We all know that crypto mining is negatively impacting many things in the world. And now it's ruining something else in a way no one has seen coming. This is why mining crypto currencies is killing every free CI / CD platform.

Video

As usual, if you are a visual learner, or simply prefer to watch and listen instead of reading, here you have the video, which to be fair is much more complete than this post.

Link to the video: https://youtu.be/9TOJqJSHVvI

If you rather prefer reading, well... let's just continue :)

Intro

Today I have to talk about something I'd prefer not to, but unfortunately this is happening, and it's happening hard. So let's talk about crypto mining and its deleterious effect on free CI/CD platform.

A Work on Mining

We all know crypto mining, the process in which transactions for various forms of cryptocurrency are verified and added to the blockchain digital ledger, using the computing power of computers or graphics card, and for which miners are rewarded with crypto currencies directly.

We probably all know that this is affecting many aspects of our current time. For example, the current and past generation of graphics cards are so good and fast for mining that it's basically impossible to buy a graphics card right now, or if you find one the price is crazy. All the supply is basically taken up by miners, and few very lucky gamers.

How Does Mining Cryptocurrencies Affect CI Platforms

Ok, but how does this affect the CI/CD platforms? I'm glad you asked.

Due to the lack of availability of graphics cards, and the constantly increasing number of miners thanks to the rise in value of cryptocurrencies, miners have started trying to find alternative ways for mining.

They first started using Cloud services but quickly realized that the cost for always running large instances was higher than the gain they were able to get. And this is when they started looking at the free CI providers.

Hosted Build agents are fairly powerful, having to take care of compilation etc., and most platforms have a free tier, especially for public repositories. Powerful machines for free, a miner's dream come true.

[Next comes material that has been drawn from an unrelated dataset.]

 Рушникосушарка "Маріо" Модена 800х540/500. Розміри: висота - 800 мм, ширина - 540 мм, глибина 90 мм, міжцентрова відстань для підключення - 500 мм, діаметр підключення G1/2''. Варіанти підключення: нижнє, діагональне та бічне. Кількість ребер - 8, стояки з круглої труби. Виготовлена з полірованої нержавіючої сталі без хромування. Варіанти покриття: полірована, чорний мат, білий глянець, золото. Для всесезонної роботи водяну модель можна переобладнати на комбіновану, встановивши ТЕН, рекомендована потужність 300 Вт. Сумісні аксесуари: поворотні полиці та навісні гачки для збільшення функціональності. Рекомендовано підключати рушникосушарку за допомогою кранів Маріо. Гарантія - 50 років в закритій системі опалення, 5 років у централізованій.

And this is exactly the problem. They have started writing script, pushing them to public repositories, and take advantage of those free CI agents to run their mining software. And as the different providers started blocking those attempts, miners adapted and started writing fairly complex software and scripts to "mask" the real reasons why they were using the repos and CI agents.

An Example

There are countless examples, but here is one just to make you understand the gravity of the problem. There was a user on GitHub who created a simple repo, which seemed a legit one at a first look.

In the repo this user had the definition for 5 different CI providers, including GitHub Actions, CircleCI, TravisCI and others, and all were configured in automatic CI. The user had roughly 1 commit every hour, which in turn kicked off all 5 of those CI... and the script that was run was in fact a crypto miner. You can imagine how much resources that user alone has consumed.

The Effects

And in fact, if you have noticed your hosted CI agent being slower than usual or picking up jobs with a greater delay most likely it's because of this. And not only on free CI, but also on paid CI platforms... because the resources are the same. But if the problem was just some slowness, we wouldn't be here talking about this.

The problem is much bigger. So much so that basically all the CI providers have stopped offering free tiers or, in the best cases, they've implemented great limitations on the services.

Industry Reactions

Azure DevOps

Microsoft is not providing anymore free concurrent CI for their Azure Pipelines for new organizations. If the users want them, they need to request for them and provide additional information to verify they are eligible.

Azure DevOps

TravisCI

TravisCI is taking it a step further, completely removing the free tier, and giving to existing users a trial with an amount of free credits. When the credits are exhausted, if a user wants to keep using CI then they will have to buy a paid plan.

TravisCI

GitLab

GitLab, takes a different approach.

First, they require new users to verify their account adding a credit card to their account before they can start using the hosted CI agents. Existing users are not currently required to insert a credit card number, but they may be in future.

GitLab

Second, they are removing the unlimited free minutes that were previously assigned to public projects, and setting a limit to 400 free minutes instead.

GitLab

CircleCI

Circle CI has never had a completely free plan, but only a free grant of 2500 credits per month.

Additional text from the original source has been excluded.